Generation of clones with altered radiation resistance
In order to generate radioresistant subclones of the parental CAL-33 cell line, exponentially growing CAL-33 cells were exposed to fractionated irradiation (Mueller RT-250 γ-ray, tube Thoraeus Filter, 200 kV, 10 mA) according to a schedule commonly used in radiotherapy: A total dose of 20 Gy was given in daily fractions of 2 Gy 5 times per week. For each week, 2 days of recovery time were included. Afterwards, cells were cloned by limiting dilution procedure and grown for 4 to 12 weeks.
Colony forming assay
Clonogenic survival was determined in colony formation assays as described previously [11]. Briefly, cells were seeded into 6-well plates, allowed to adhere for 4 h, and irradiated at 0, 1, 2, 4, 6 or 8 Gy, respectively (Mueller RT-250 γ-ray, Thoraeus Filter, 200 kV, 10 mA). 14 days after irradiation, colonies were fixed and stained with methylene blue. Only colonies consisting of at least 50 cells were scored. Each assay was carried out in duplicates of three different cell densities per each irradiation dose.

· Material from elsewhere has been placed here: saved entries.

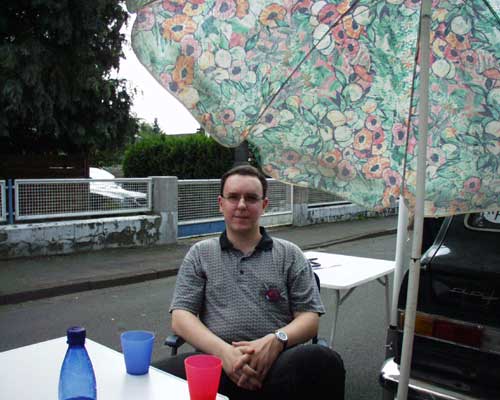 Die Autos wurden an diesem Tag längs geparkt, der Tisch mit Clubwerbung aufgestellt, der Wohnwagen aufgebaut, die Clubfahne gehisst und ein paar Stühle
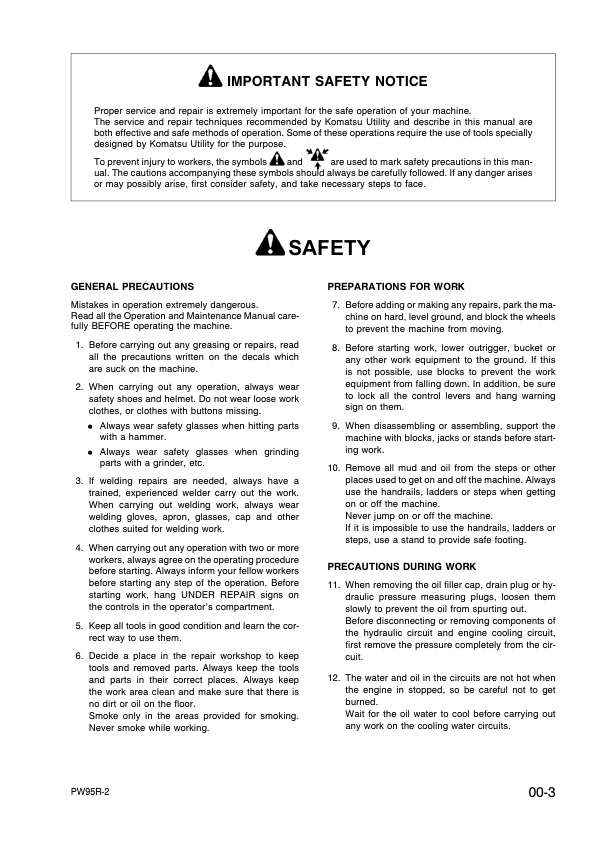 Komatsu PW92R-2 Wheeled Excavator Workshop Manual SN 21D0200280 and UP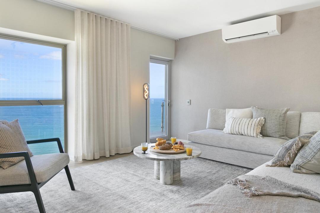 Stylish sophistication meets modern minimalism in this elegant seaside abode. Spacious, free-flowing living areas are decorated with designer décor to create a stylish ambiance. Living spaces flow effortlessly out onto a beautiful terrace with endless ocean vistas.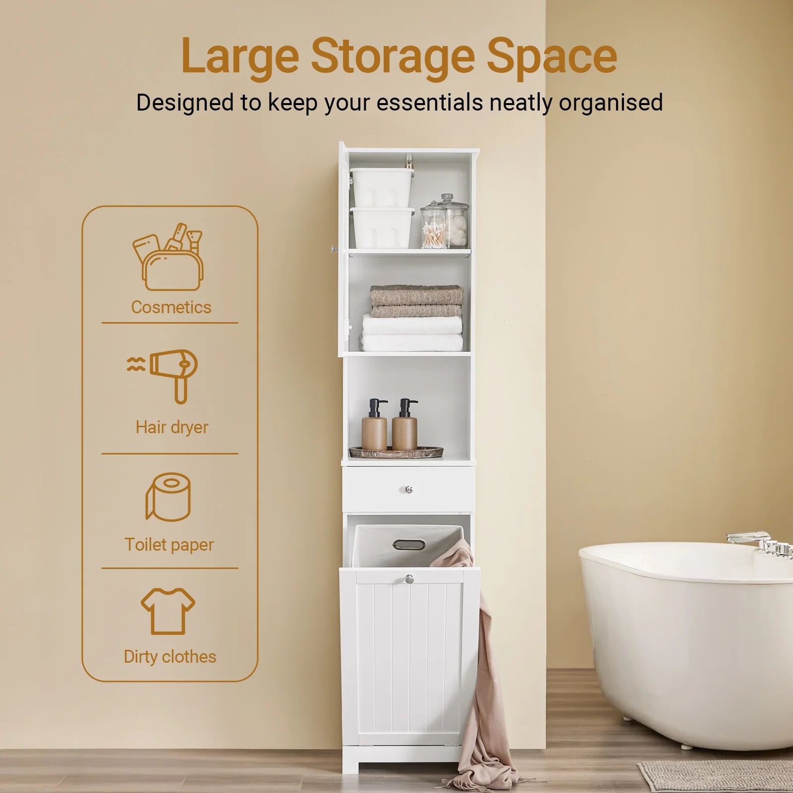 Uanset om det er håndklæder, kosmetik eller snavset vasketøj – alt finder sin plads her.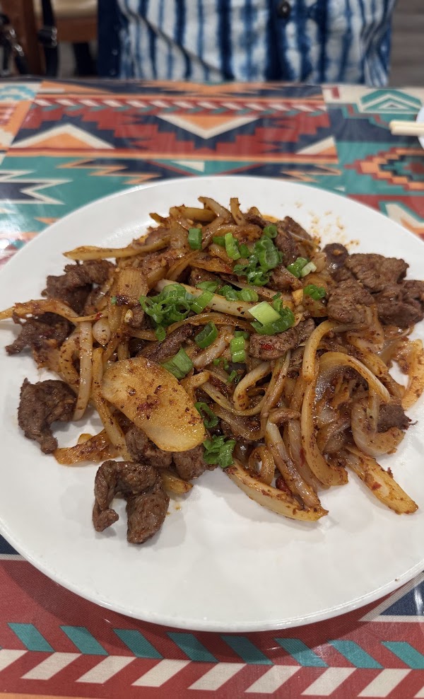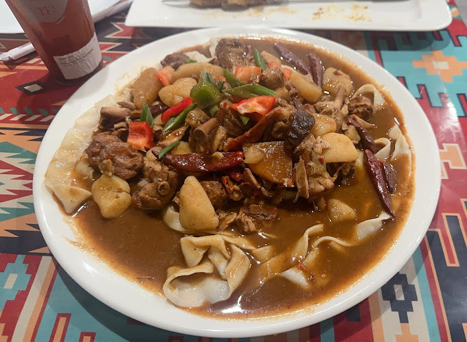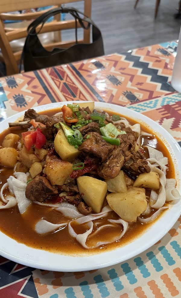 The environment is beautifully decorated, creating a cozy and inviting dining experience.The food portions are very generous. I particularly enjoyed the chewy texture of the noodles,and the lamb skewers were another highlight—tender, flavorful, and grilled just right. While the seasoning was rich, the spice level was quite mild, making it suitable for those who don’t prefer overly spicy food.Plus price is very reasonable.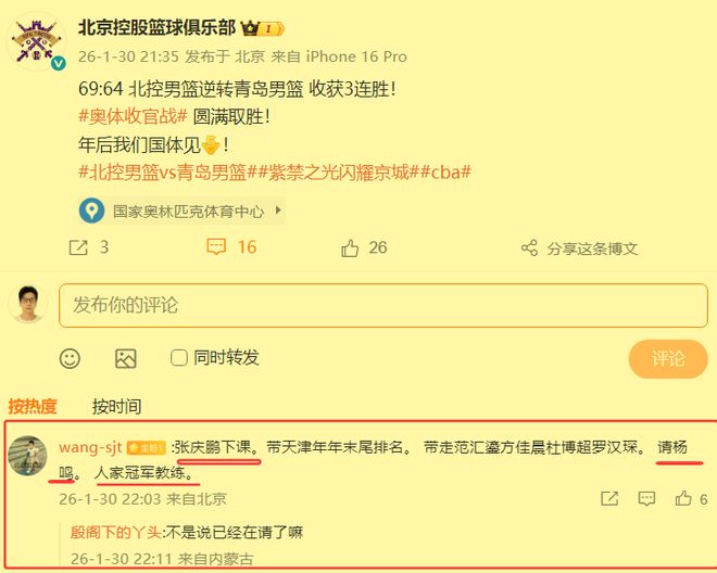 总而言之一句话,张庆鹏执教成绩不稳定已经成了他身上的标签,所以都希望北控管理层这一次能够抓住这个机不可失失不再来的机会果断签约更高水平的杨鸣。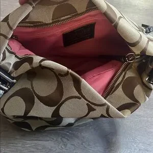 Tan/brown authentic signature coach shoulder bag with hot pink interior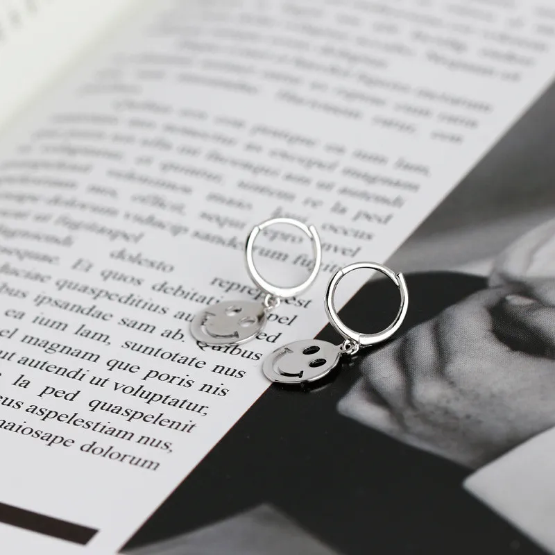 Серьги-подвески со смайликом на удачу из настоящего серебра 925 пробы
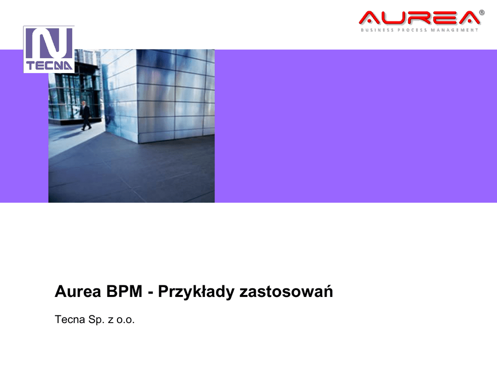 <Insert Picture Here> Aurea BPM - Przykłady zastosowań Tecna Sp. z o.o. Przykłady wykorzystania systemu Aurea BPM • Obsługa wniosku urlopowego • Obsługa sprawy urzędowej • Obsługa zgłoszenia serwisowego • Rozliczenie faktur kosztowych • Zawarcie umowy ubezpieczeniowej Tecna - Quality software solutions Obsługa wniosku urlopowego • Prosty obieg dokumentu • Wyznaczanie ścieżki akceptacji wniosku na podstawie złożonych reguł z uwzględnieniem struktury organizacyjnej przedsiębiorstwa Tecna - Quality software solutions Obsługa wniosku urlopowego Prezes Akceptacja przez bezpośredniego przełożonego Asystentka Prezesa Dyrektor Departamentu Oprogramowania Pracownik składa wniosek Akceptacja przez dyrektora departamentu Dyrektor Departamentu Projektów Starszy Specjalista Kierownik Projektu Specjalista Starszy Specjalista Dyrektor Finansowy Główny Księgowy Specjalista Value Based Hierarchy Ewidencja w kadrach i poinformowanie pracownika Tecna - Quality software solutions Obsługa sprawy urzędowej • Obsługa typowych spraw w urzędach • Obsługa spraw według predefiniowanych obiegów • Obsługa spraw według obiegów ad-hoc Tecna - Quality software solutions Obsługa sprawy urzędowej Przyjęcie pisma i przekazanie do działu [Kancelaria] Archiwizacja teczki [Sekretariat działu] Pismo przychodzące Przyjęcie pisma i przekazanie do pracownika [Sekretariat działu] Obsługa i zamknięcie sprawy [Pracownik] Przyjęcie pisma wychodzącego i wysłanie do Klienta [Sekretariat działu] Klient Tecna - Quality software solutions Obsługa zgłoszenia serwisowego • Uruchamianie procesu za pomocą portalu lub e-mail • Przebieg obsługi serwisowej kontrolowany przez proces biznesowy • Wyznaczanie wykonawców w trakcie realizacji procesu Tecna - Quality software solutions Obsługa zgłoszenia serwisowego Przyjęcie zgłoszenia i wyznaczenie wykonawcy Klient Zgłoszenie serwisowe za pomocą poczty e-mail lub ankiety na stronie www Realizacja zgłoszenia Klient Zatwierdzenie Powiadomienie o realizacji Tecna - Quality software solutions Rozliczenie faktur kosztowych • Obieg faktury kosztowej w organizacji • Reguły walidacji poprawności podziału kosztów • Przekazywanie danych do systemu zewnętrznego Tecna - Quality software solutions Rozliczenie faktur kosztowych Tecna - Quality software solutions Zawarcie umowy przez Agenta • Określona poprzez proces biznesowy sekwencja działań z klientem • Praca Offline • Generowanie dokumentów na podstawie danych procesu Tecna - Quality software solutions Zawarcie umowy przez Agenta Tecna - Quality software solutions Dane producenta Tecna - Quality software solutions

Results from three independent experiments were subjected to linear-quadratic regression analyses employing the maximum likelihood approach. Differences between curves were evaluated using F-test [12].
Proliferation and cell cycle analyses
Proliferation rates were determined over a period of three days upon seeding 20,000 cells per well into 24-well plates. Cells were harvested by trypsinization, and total cell numbers were determined by manual counting. Cell numbers were plotted against the growth time, and doubling times were calculated by semi-log regression analyses in the exponential growth phase. Dynamics of cell cycle distribution upon irradiation at 4 Gy was analyzed by flow cytometric phospho-histone H3(S10)/propidium iodide (PI) staining as described in [13]. Briefly, cells were collected by trypsinization and fixed in 70 % ethanol. After extensive washing, cells were stained with anti-phospho-histone-H3-Alexa488 (pH3(S10)) antibody (New England Biolabs, Frankfurt, Germany) and PI/RNase staining solution (BD Biosciences, Heidelberg, Germany). Data of 10,000 cells were recorded on an LSRII flow cytometer (BD Biosciences), and cell cycle analyses were performed by using FlowJo 7.6.5 software (Tree Star Inc., Ashland, OR, USA).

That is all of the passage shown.